Children with Miller syndrome are born with underdeveloped cheek bones (malar hypoplasia) and a very small lower jaw (micrognathia). They often have an opening in the roof of the mouth (cleft palate) and/or a split in the upper lip (cleft lip). These abnormalities frequently cause feeding problems in infants with Miller syndrome. The airway is usually restricted due to the micrognathia, which can lead to life-threatening breathing problems.
People with Miller syndrome often have eyes that slant downward, eyelids that turn out so the inner surface is exposed (ectropion), and a notch in the lower eyelids called an eyelid coloboma. Many affected individuals have small, cup-shaped ears, and some have hearing loss caused by defects in the middle ear (conductive hearing loss). Another feature of this condition is the presence of extra nipples. Miller syndrome does not affect a person's intelligence, although speech development may be delayed due to hearing impairment.

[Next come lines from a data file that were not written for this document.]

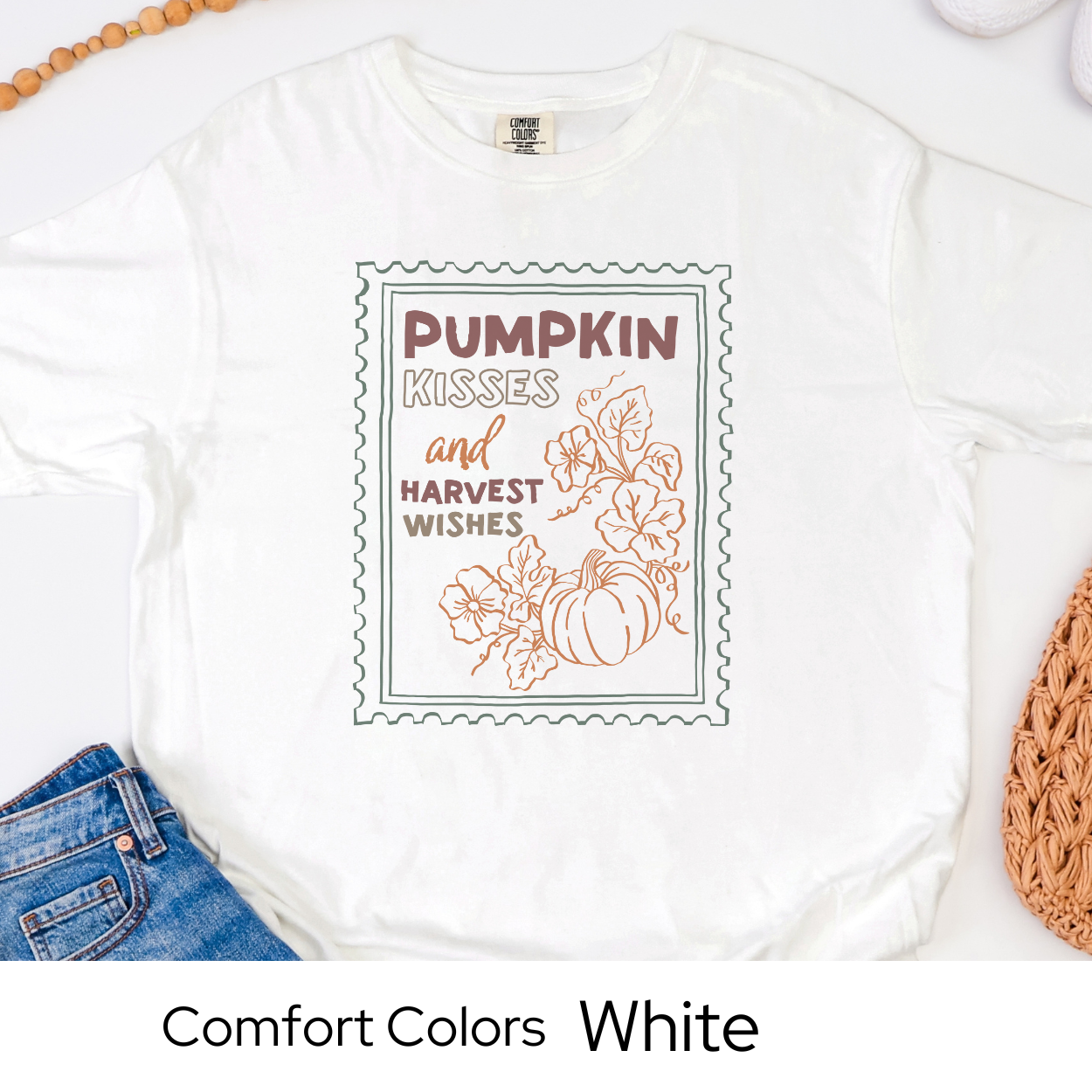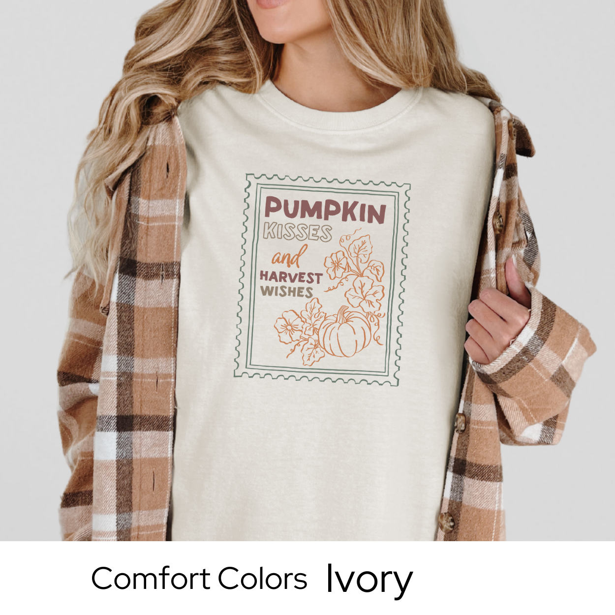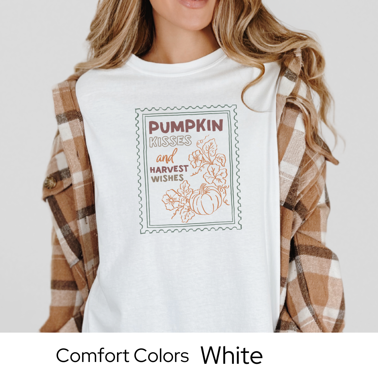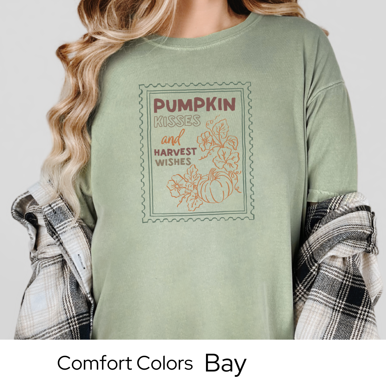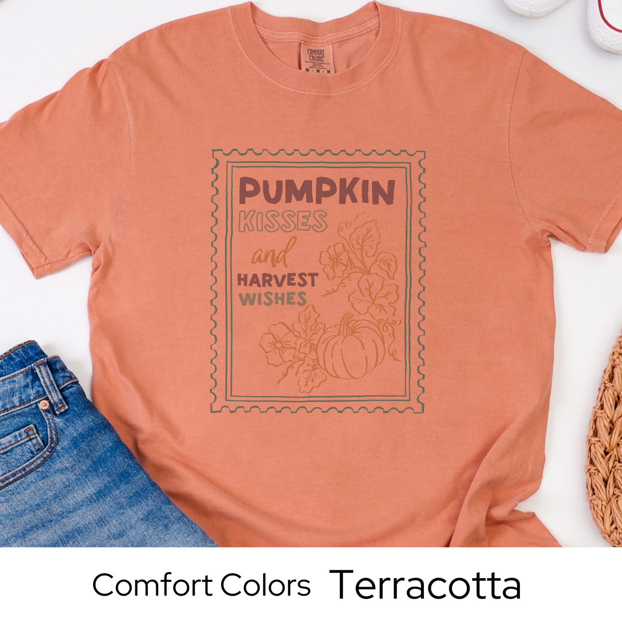 Pumpkin Kisses Fall Shirt, Comfort Colors Tee, Harvest Season Graphic T-Shirt, Retro Stamp Design, Cute Autumn Shirt for Women, Cozy Top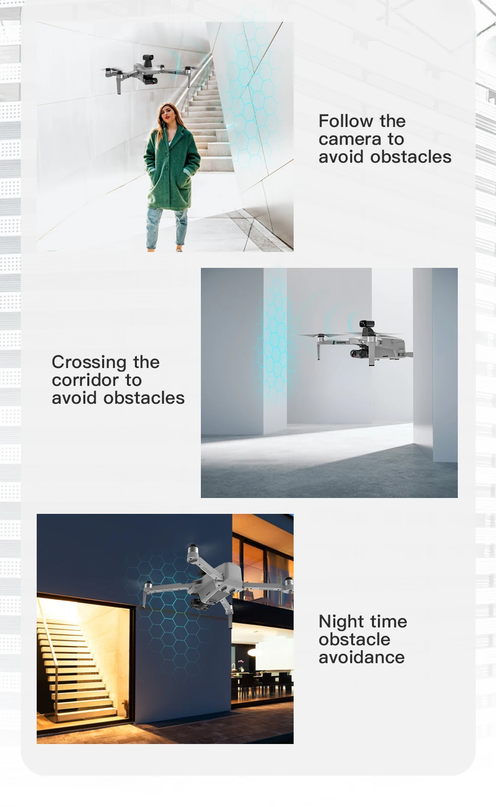 4.GPS Smart следующее: после того, как самолет покинет GPS, он откроет следующую функцию приложения, и самолет будет следовать за мобильный телефон. Кроме того, следующее изображение: обнаружение объекта съемки и автоматическое отслеживание полета.
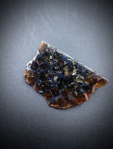 Кольцо выполнено из серебра и необработанного оливина из метеорита Сеймчан.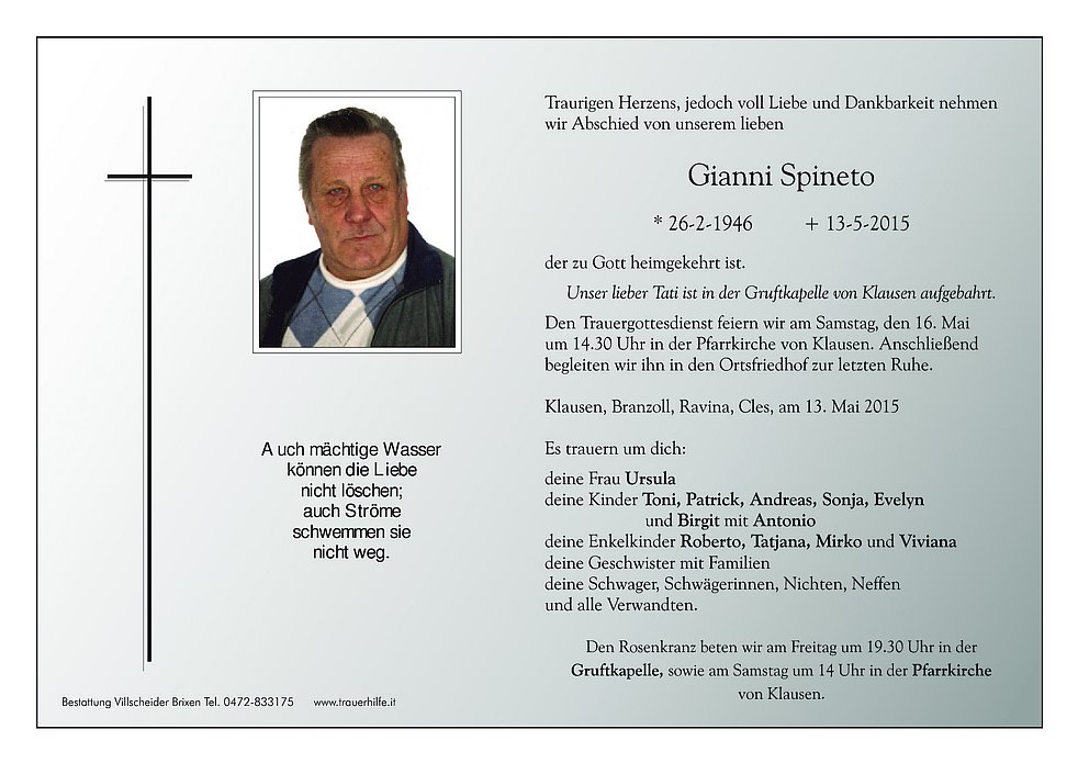 um 14.30 Uhr in der Pfarrkirche von Klausen. Anschließend begleiten wir ihn in den Ortsfriedhof zur letzten Ruhe.
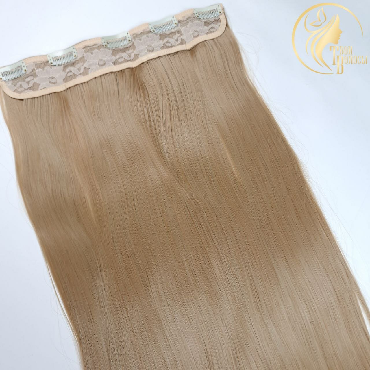 Твои волосы/ Широкая прядь-хвост, волосы на заколках, прямые 60 см., Пшеничный

Individuals with Miller syndrome have various bone abnormalities in their arms and legs. The most common problem is absent fifth (pinky) fingers and toes. Affected individuals may also have webbed or fused fingers or toes (syndactyly) and abnormally formed bones in the forearms and lower legs. People with Miller syndrome sometimes have defects in other bones, such as the ribs or spine.
Miller syndrome is a rare disorder; it is estimated to affect fewer than 1 in 1 million newborns. At least 30 cases have been reported in the medical literature.
I am embarrassed to admit that when I first examined the patient I completely failed to notice that he had 4 fingers on each hand! The resident who was with me had seen the patient before and knew about his Miller syndrome and pointed out some other features that this patient had. It was a good wake-up call for me about how to do a full physical assessment.